Oke, sekarang keadaannya benar-benar kacau. Setidaknya itulah yang dirasakan Sasuke saat ini. Belum selesai masalahnya dengan Sai, sekarang Sakura ikut-ikutan marah besar padanya. Seakan belum cukup, ia juga harus menerima pukulan telak Naruto di pipinya.
Yah, ia tidak bisa sepenuhnya menyalahkan mereka. Kalau bisa dibilang, di sini ialah yang bersalah.
Dan Sasuke benar-benar menyesal. Bukan hanya karena tindakan sembrononya yang tanpa pikir panjang dan pertimbangan yang matang langsung mengintervensi hubungan Sakura dan Neji, juga karena gara-gara ialah gadis itu menangis.
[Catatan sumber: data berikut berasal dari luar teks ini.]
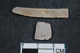 | Description / विवरण | Fragment of slightly cruved blades with three dorsal ridges having smooth surface. |

Sial –Sasuke belum pernah melihat Sakura semarah itu sebelumnya. Bahkan ketika dulu mereka masih dalam masa hukuman bertiga dengan Naruto. Ia masih ingat cara gadis itu menangis, marah-marah dan berteriak padanya di sekolah tadi siang. Mungkin, kalau tidak ada Ino dan Naruto yang mencegahnya, Sakura bisa saja mencakarinya sampai habis. Dan ia juga tidak tahan terhadap tatapan penuh kecewa yang diterimanya dari Naruto.
Sial! Sial! Sial!
Oh—Ini semua gara-gara Neji.
Ingin sekali rasanya Sasuke bisa berkata seperti itu. Namun setelah ia memikirkannya kembali –setelah ia lebih tenang, tentu saja—hell! Bahkan cowok itu bisa dikatakan tidak tahu apa-apa. Dan belum tentu apa yang didengarnya dari cewek-cewek tukang gosip—yah, Sasuke melupakan fakta yang satu ini, bahwa cewek-cewek kelas tiga itu suka bicara seenaknya—itu benar. Bisa saja mereka berkata seperti itu hanya karena tidak suka ada gadis lain yang dekat dengan cowok yang mereka taksir. Terlebih salah satu gadis itu adalah Yakumo, mantan kekasih Neji.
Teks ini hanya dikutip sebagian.